Some Day, You’ll Have a Telephone with a Screen and Be Able To Dial a Book - everbody
https://quoteinvestigator.com/2019/01/09/ebook/
======
ajuc
Similar prediction of ebook readers by Stanisław Lem in 1961 book "Return from
the stars". He called them "optons". He also predicted audiobooks and called
them "lectons". And Amazon :)

> I spent the afternoon in a bookstore. There were no books in it. None had
> been printed for nearly half a century. And how I have looked forward to
> them, after the micro films that made up the library of the Prometheus! No
> such luck. No longer was it possible to browse among shelves, to weigh
> volumes in hand, to feel their heft, the promise of ponderous reading.
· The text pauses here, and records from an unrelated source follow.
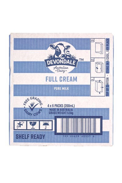 • This Devondale Full Cream UHT Milk comes in 24 x 200 mL packs making them ideal for individual servings.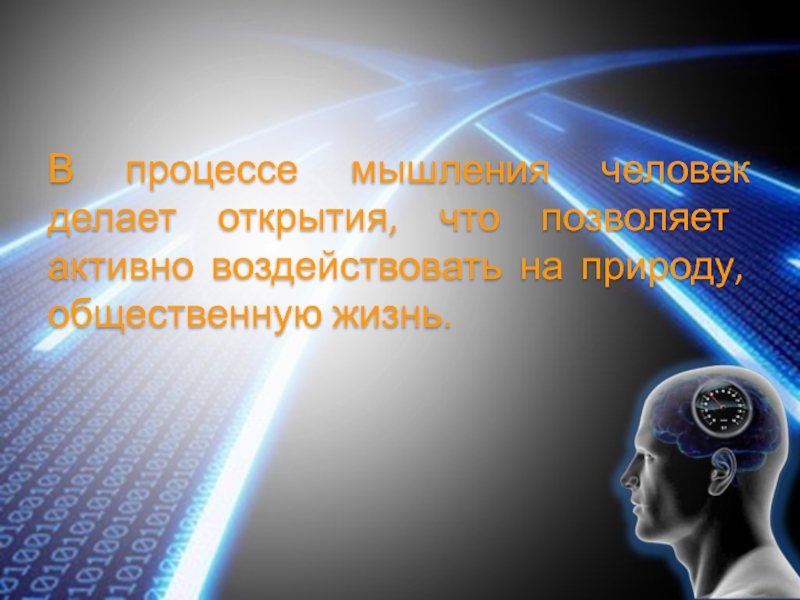 Слайд 39В процессе мышления человек делает открытия, что позволяет активно воздействовать на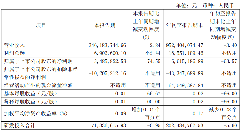 10月29日,上海润达医疗科技股份有限公司发布了2025年三季报,公告显示,2025年第三季度企业营收17.98亿,同比减少11.91%,年初至报告期末营收52.68亿,同比减少14.70%;第三季度净利-0.42亿,同比减少2.83%,前三季度净利-1.63亿,同比减少422.64%。

The
> bookstore resembled, instead, an electronic laboratory. The books were
> crystals with recorded contents. They can be read the aid of an opton, which
> was similar to a book but had only one page between the covers. At a touch,
> successive pages of the text appeared on it. But optons were little used,
> the sales-robot told me. The public preferred lectons - like lectons read
> out loud, they could be set to any voice, tempo, and modulation. Only
> scientific publications having a very limited distribution were still
> printed, on a plastic imitation paper. Thus all my purchases fitted into one
> pocket, though there must have been almost three hundred titles. My handful
> of crystal corn - my books. I selected a number of works on history and
> sociology, a few on statistics and demography, and what the girl from Adapt
> had recommended on psychology. A couple of the larger mathematical textbooks
> - larger, of course, in the sense of their content, not of their physical
> science. The robot that served me was itself an encyclopedia, in that - as
> it told me - it was linked directly, through electronic catalogs, to
> templates of every book on earth. As a rule, a bookstore had only single
> "copies" of books, and when someone needed a particular book, the contents
> of the work was recorded in a crystal.

> The originals - Crystomatrices - were not to be seen; they were kept behind
> pale blue enamel the steel plates. So a book was printed, as it were, every
> time someone needed it. The question of printings, of their quantity, of
> their running out, had ceased to exist. Actually, a great achievement, and
> yet I regretted the passing of books.

[http://www.technovelgy.com/ct/content.asp?Bnum=1024](http://www.technovelgy.com/ct/content.asp?Bnum=1024)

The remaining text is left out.